Reliable Face Morphing Attack Detection in On-The-Fly Border Control Scenario with Variation in Image Resolution and Capture Distance
This addresses a security threat in border control systems by improving detection of face morphing attacks, though it is incremental as it builds on existing D-MAD techniques.
The paper tackles face morphing attack detection in on-the-fly border control scenarios by proposing a novel D-MAD algorithm using spherical interpolation and hierarchical fusion of deep features from six pre-trained CNNs, achieving superior performance compared to existing methods on a newly generated SCFace-Morph dataset.

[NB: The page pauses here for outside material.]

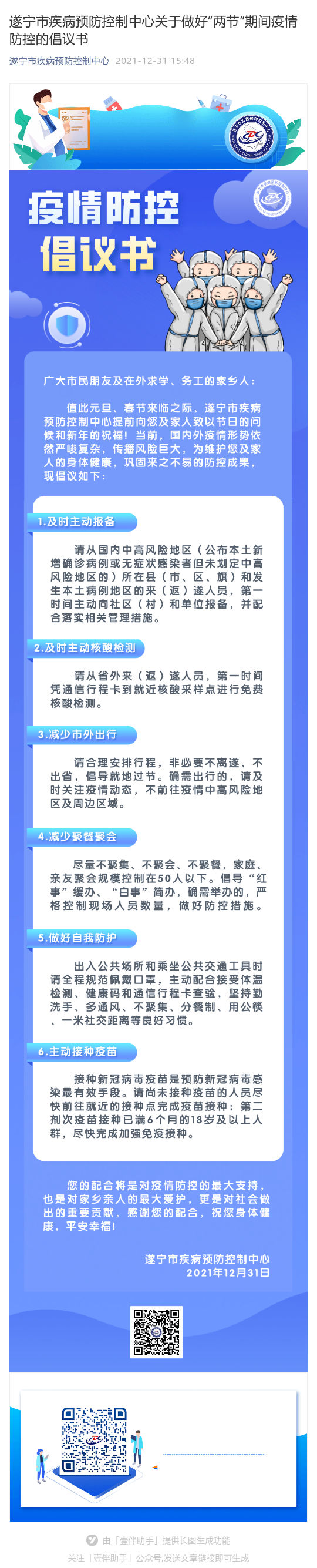遂宁市疾病预防控制中心关于做好“两节”期间疫情防控的倡议书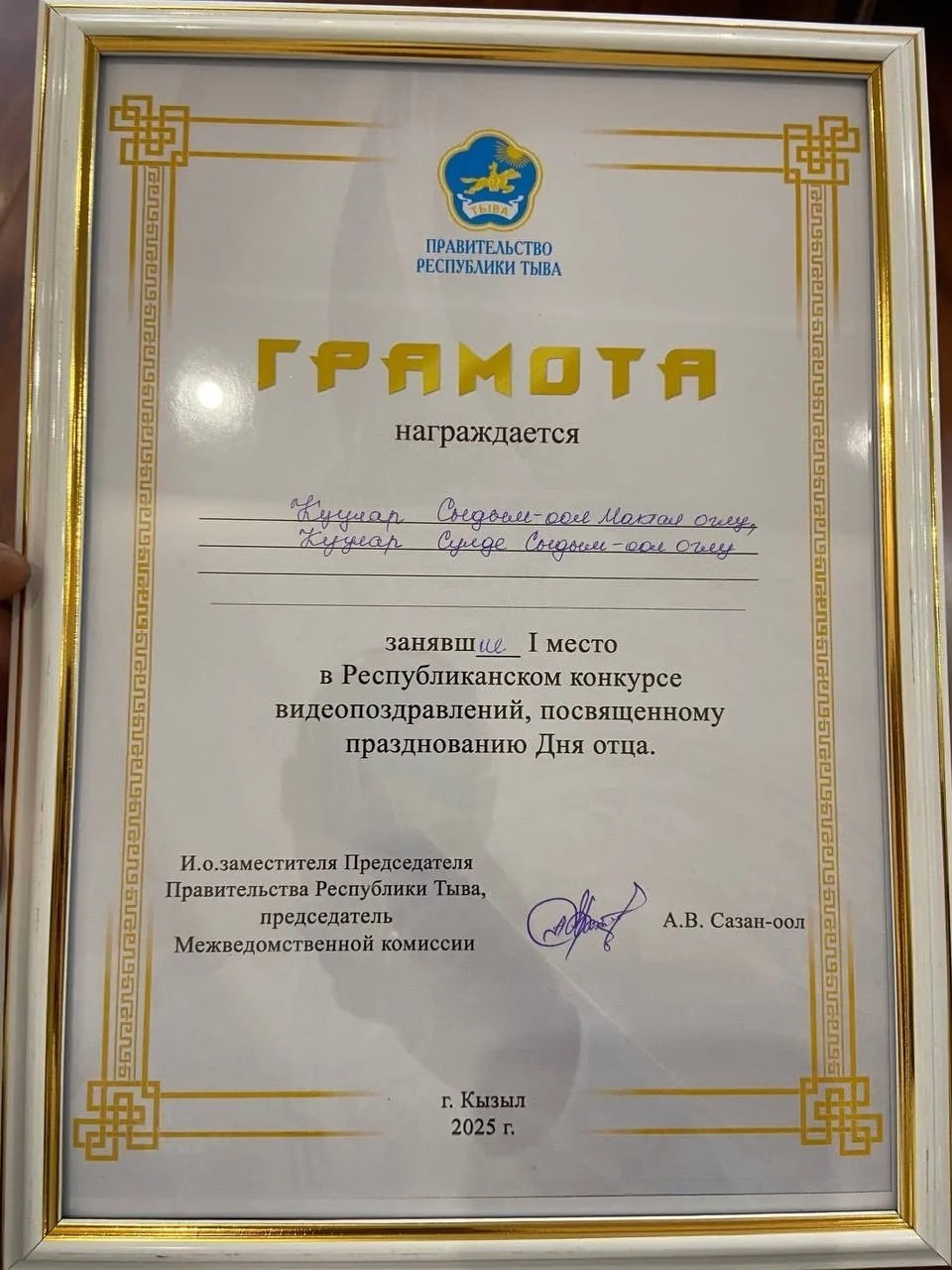 Чаа-Хл кожуундан Кууларларны г-блези – адазы Сыдым-оол Мактал оглу биле оглу Слде бирги черни ээлээш, хндлел бижикти, 5000 рубль акша шаналын база Тываны В. Кк-оол аттыг Национал хгжм-шии театрынче алды билетти алганнар.

Face Recognition Systems (FRS) are vulnerable to various attacks performed directly and indirectly. Among these attacks, face morphing attacks are highly potential in deceiving automatic FRS and human observers and indicate a severe security threat, especially in the border control scenario. This work presents a face morphing attack detection, especially in the On-The-Fly (OTF) Automatic Border Control (ABC) scenario. We present a novel Differential-MAD (D-MAD) algorithm based on the spherical interpolation and hierarchical fusion of deep features computed from six different pre-trained deep Convolutional Neural Networks (CNNs). Extensive experiments are carried out on the newly generated face morphing dataset (SCFace-Morph) based on the publicly available SCFace dataset by considering the real-life scenario of Automatic Border Control (ABC) gates. Experimental protocols are designed to benchmark the proposed and state-of-the-art (SOTA) D-MAD techniques for different camera resolutions and capture distances. Obtained results have indicated the superior performance of the proposed D-MAD method compared to the existing methods.